Spectur Achieves Record Monthly Revenues


----------



## Joules MM1 (19 July 2019)

now there's more scrip at auction, it can be argued that recent capraise dilutes, but, let's have a little reality, the size was already tightly held and very small at market, with more volume, i argue, we have traders who are wiling to engage who are less likely to get trapped in a price they can't or dont wanna exit, boutique funds are more likely to pay attention to that too + the underlying sales are decent, proven and improving, inventory is expanded, we are in environment where surveillance is all the right-wing and left-wing rage, unbelievably you might think, but, polarising communities buy polarising things, and while it's a stretch to put this thing in the IoT or even stretch it to the Ai sphere, that's already being done, so loose news is good news for the stock.....i'm not judging, simply observing

held


----------



## Smurf1976 (20 July 2019)

Having put some CCTV cameras up many years ago back when doing so meant digging trenches everywhere I can certainly see the potential of this. Solar and wireless communications is an order of magnitude easier than getting mains power and communications cables to some place where a camera would be useful that's for sure. 
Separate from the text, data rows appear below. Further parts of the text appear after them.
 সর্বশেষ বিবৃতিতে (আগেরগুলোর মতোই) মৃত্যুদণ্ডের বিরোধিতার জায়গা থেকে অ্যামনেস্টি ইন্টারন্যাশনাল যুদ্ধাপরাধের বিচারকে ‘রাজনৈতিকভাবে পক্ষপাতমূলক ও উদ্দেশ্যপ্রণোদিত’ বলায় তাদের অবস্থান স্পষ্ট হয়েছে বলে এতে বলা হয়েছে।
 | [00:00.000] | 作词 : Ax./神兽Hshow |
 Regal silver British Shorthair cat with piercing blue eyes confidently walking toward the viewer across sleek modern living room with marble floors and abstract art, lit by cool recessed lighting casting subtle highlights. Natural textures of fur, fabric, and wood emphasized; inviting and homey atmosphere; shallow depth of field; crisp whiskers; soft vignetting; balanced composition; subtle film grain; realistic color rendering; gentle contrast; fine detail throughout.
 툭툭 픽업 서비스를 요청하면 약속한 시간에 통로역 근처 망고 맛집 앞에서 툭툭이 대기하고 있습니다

Anywhere out in the sticks the problem with cables is long distances to power and communications. Anywhere in a city the problem is that simply digging anything costs a fortune with so many pipes, cables and so on to worry about plus having to reinstate driveways, pavers that are no longer available (so you can't break even one....) and so on.

Road network monitoring is another application that comes to mind. All the state traffic authorities have control rooms with CCTV feeds of major roads around the cities but, since they've mostly been around since the 1980's or even 70's, historically that has all been limited to what could be done with cables and mains power or at most via Telstra / NBN infrastructure. Given the cost of setting all that up they only installed cameras in places that were really critical.
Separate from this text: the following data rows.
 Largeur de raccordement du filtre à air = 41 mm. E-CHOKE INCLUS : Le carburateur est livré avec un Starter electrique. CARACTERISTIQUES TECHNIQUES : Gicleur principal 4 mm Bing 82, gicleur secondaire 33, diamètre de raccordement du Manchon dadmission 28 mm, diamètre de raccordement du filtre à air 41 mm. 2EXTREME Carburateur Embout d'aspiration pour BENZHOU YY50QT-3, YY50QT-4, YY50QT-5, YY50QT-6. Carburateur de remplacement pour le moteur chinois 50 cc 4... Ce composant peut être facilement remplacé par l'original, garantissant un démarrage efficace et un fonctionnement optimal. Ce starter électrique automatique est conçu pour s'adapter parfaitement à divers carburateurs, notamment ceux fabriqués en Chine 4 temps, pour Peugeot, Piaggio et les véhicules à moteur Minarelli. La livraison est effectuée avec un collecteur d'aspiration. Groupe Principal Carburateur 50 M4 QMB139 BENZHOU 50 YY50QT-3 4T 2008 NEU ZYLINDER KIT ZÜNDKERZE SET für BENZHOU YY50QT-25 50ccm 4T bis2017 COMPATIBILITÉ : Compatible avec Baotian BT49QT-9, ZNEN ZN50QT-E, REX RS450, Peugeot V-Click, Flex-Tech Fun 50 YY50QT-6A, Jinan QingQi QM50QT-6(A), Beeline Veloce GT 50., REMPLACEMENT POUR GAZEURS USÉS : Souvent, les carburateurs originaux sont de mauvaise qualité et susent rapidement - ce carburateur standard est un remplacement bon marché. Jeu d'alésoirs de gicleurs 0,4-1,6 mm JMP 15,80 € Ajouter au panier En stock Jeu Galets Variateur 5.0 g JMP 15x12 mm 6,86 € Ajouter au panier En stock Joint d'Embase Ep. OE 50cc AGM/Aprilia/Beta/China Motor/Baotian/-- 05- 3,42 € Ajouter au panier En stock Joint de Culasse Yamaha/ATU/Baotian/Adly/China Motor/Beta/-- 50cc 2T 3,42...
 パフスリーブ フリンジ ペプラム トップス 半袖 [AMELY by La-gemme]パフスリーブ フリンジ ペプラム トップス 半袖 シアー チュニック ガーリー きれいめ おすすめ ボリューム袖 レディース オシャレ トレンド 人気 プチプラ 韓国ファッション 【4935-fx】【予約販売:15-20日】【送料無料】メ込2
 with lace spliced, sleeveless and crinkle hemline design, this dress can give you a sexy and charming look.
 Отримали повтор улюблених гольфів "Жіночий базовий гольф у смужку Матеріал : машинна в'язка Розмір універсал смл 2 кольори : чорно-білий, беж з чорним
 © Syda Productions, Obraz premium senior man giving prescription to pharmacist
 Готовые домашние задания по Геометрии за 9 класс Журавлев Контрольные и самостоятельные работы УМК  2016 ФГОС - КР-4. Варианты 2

For a system like this though, well anyone can have one basically and it's all dead easy. Logically the market for really easy and cheap cameras ought to be several orders of magnitude bigger than the market for cameras that cost an outright fortune to install due to digging things up and having half a dozen people hauling cables in and so on. 

Whether the company can make a profit out of it is another matter of course.


----------



## barney (22 July 2019)

Its tried to bounce of the 10 cent area a couple of times now. Low MC and not a lot of shares on offer … wouldn't take a lot of effort to make it move you'd think.


----------



## Smurf1976 (16 October 2019)

barney said:


> Its tried to bounce of the 10 cent area a couple of times now. Low MC and not a lot of shares on offer … wouldn't take a lot of effort to make it move you'd think.
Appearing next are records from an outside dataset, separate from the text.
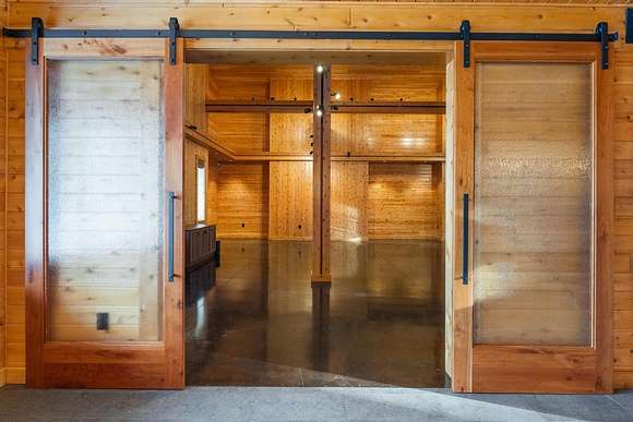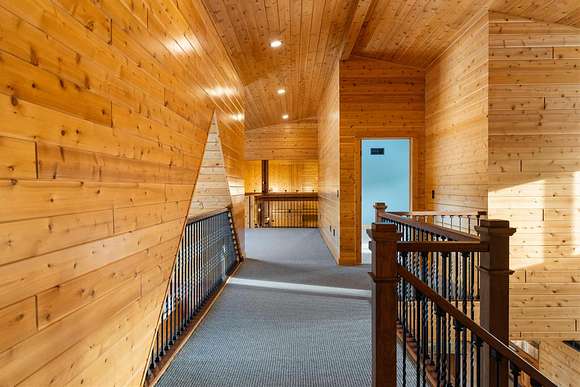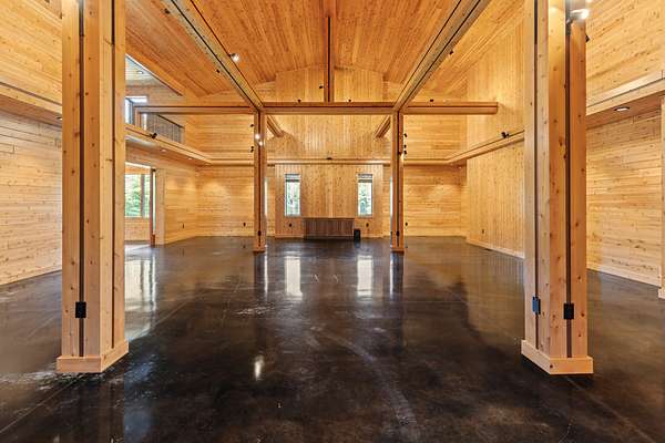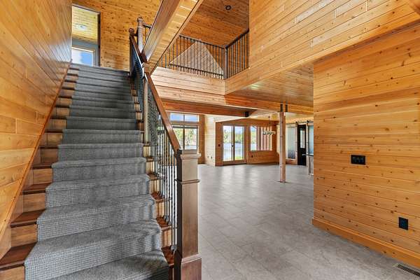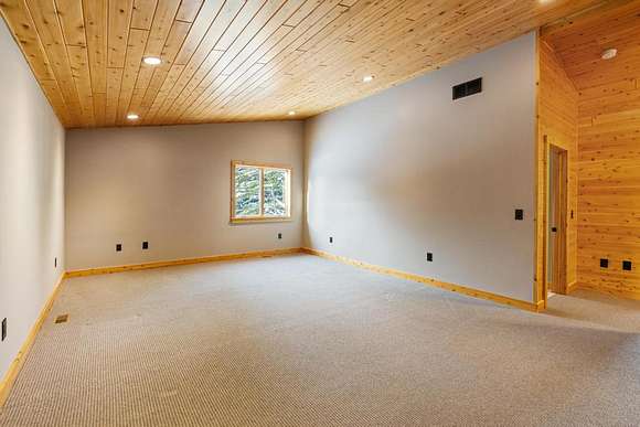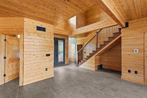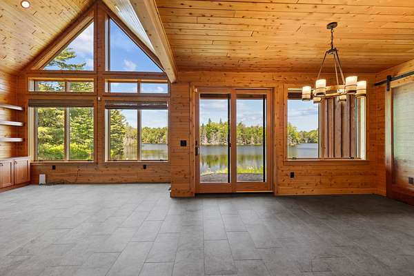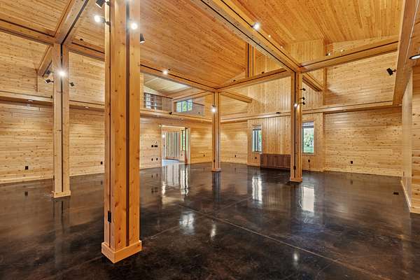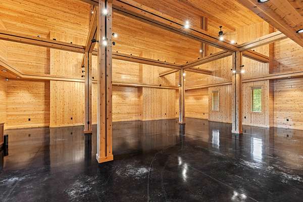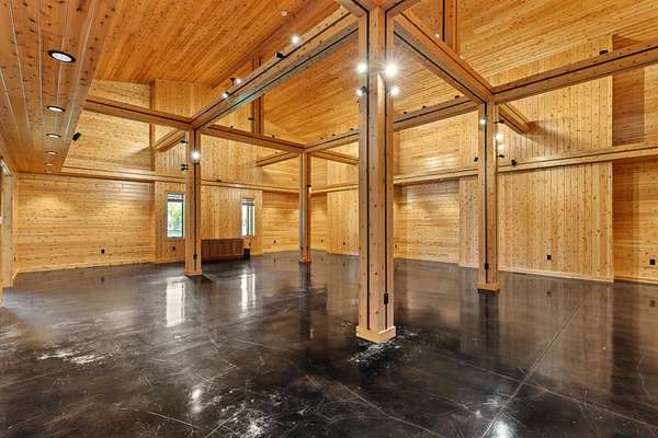 The trophy room that was custom designed by the owners for future window or door walls on either end makes for unlimited possibilities for this beautiful white cedar showroom.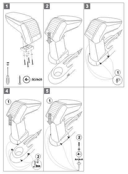 Velmi jednoduchá montáž přesně přizpůsobená danému typu vozu. Ke každému typu vozu je dodáván k opěrce daný adaptér včetně šroubků v ceně výrobku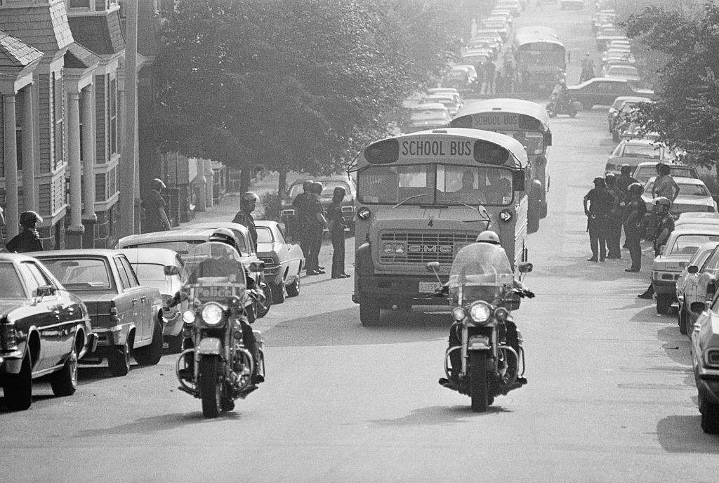 Aστυνομικές δυνάμεις συνοδεύουν σχολικά λεωφορεία σε δρόμο της Βοστώνης, τα οποία μεταφέρουν λευκούς και μαύρους μαθητές, μετά από σχετική δικαστική απόφαση ώστε να προληφθούν οι αντιδράσεις για τη λειτουργία φυλετικά μικτών σχολείων στην πόλη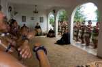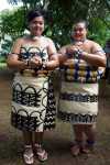 Direkt vor uns formt sich eine Gruppe Mädchen und Frauen, die sich auf den Tanz vorbereitet. Sie sind traditionell bekleidet, mit Federn und Muscheln aufwendig geschmückt. Damit ihre Haut geschmeidig und glänzend aussieht, reiben sie sich reichlich mit einem gut duftenden Öl ein. Nicht allen Tänzerinnen ist es recht, in so einer Tracht fotografiert zu werden: manche verstecken sich vor der Kamera aber ein paar präsentieren sich bereitwillig. Schließlich werden sie ins Haus geladen und gehen singend und klatschend hinein. Ihr Einzug wird von lauten Johlen der älteren Frauen aus dem Publikum begleitet. In Tonga trennt man sich von der Vorstellung, Prinzessin sei ein zierliches, blasses Mädchen. Stattdessen erblicken wir eine deutlich übergewichtige Frau, die mit einem ziemlich ausdruckslosen Gesicht und einem aufgesetzten Lächeln der Vorstellung beiwohnt.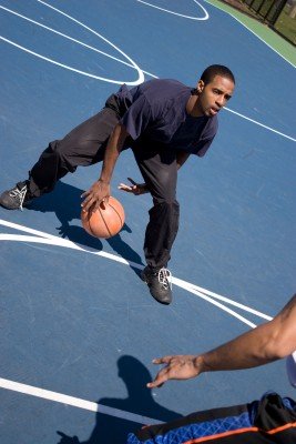 Just start dribbling, but keep your head up. Do not look down at the ball. In a game, you need to be looking up for open teammates and defenders. If you're looking down, you're going to lose the ball or get it stolen. Do everything you would do in a game: control the ball, dribble fast dribble slow, up and down the court, between your legs, behind your back, spin, stop and go.
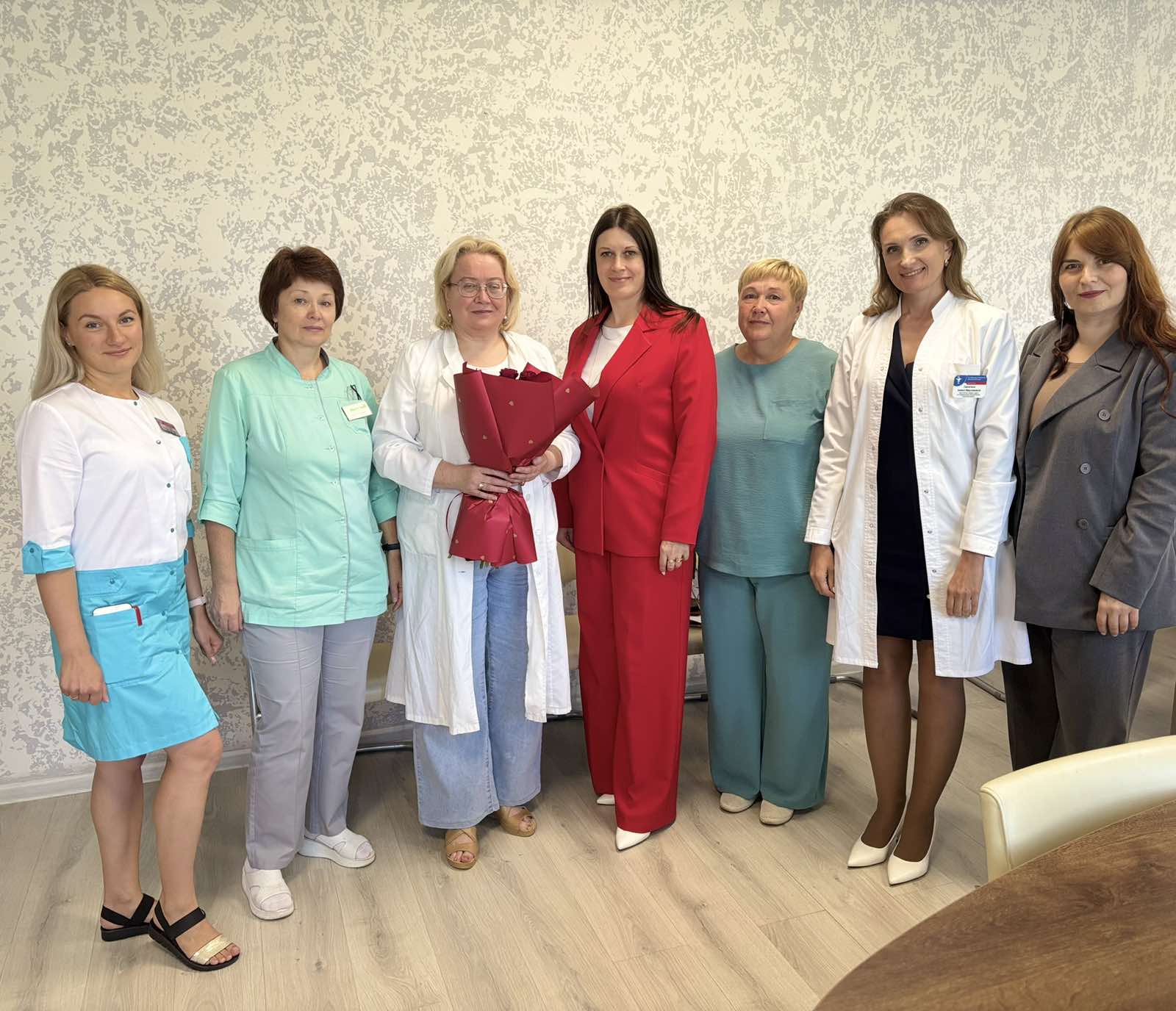С тридцатилетним юбилеем работы в Крупской ЦРБ сегодня (15.08.2025 года) поздравили врача ультразвуковой диагностики — Клещенок Елену Владимировну.

Up today on the highest volume since 3 September and closed at 10c from previous close of 8.9%.

I don't know a lot about this stock other than what I've previously posted, it just came up as a big mover today up 12.36%. My comments are for information only and are not a recommendation to buy or sell.


----------



## barney (16 October 2019)

Smurf1976 said:


> I don't know a lot about this stock other than what I've previously posted,




Yeah same …  The technology sounds interesting though. 

Its hard for these minnows to make headway. Company states they are going ok but basically treading water financially so not sure what they can do to spark some trader interest.


----------



## frugal.rock (24 November 2020)

On fire today Barney !?
Good one cob.   
Not holding here.


----------



## barney (24 November 2020)

frugal.rock said:


> On fire today Barney !? Good one cob.  Not holding here.




Nah, had to let this little fella off the hook when it broke support a while back ..... Frustrating when they run after that decision but such is life. 

Spiked to .099 today so a few stale bulls jumped ship.    Needs to get back above .084 to have any legs.


----------



## Dona Ferentes (17 August 2021)

barney said:


> Spiked to .099 today so a few stale bulls jumped ship.    Needs to get back above .084 to have any legs.



New news, and pushed through that Nov run, and the one in late March 2021

An update and Market Briefing  has seen SP3 run from sub 9c to 11c over the last 3 days

*Totally wireless solar platforms for* 
• _Security and surveillance, acting as a smart (Ai powered) security guard _
_• Safety and warning, acting as a smart, connected lifeguard / ranger / safety officer 
• Expanding Ai and IoT sensing applications, collecting data, analysing and making decisions, taking actions._

*Unique *
• _Integrated hardware and software, optimized for low power and data consumption 
• Fog computing platform bringing cloud and edge processing together to reduce cost by an order of magnitude or more 
• Expandable and modular to allow new software and hardware applications speed to market_ 

Targeting bigger customers (Utilities, Govt, Construction); looking for acquisitve growth options


----------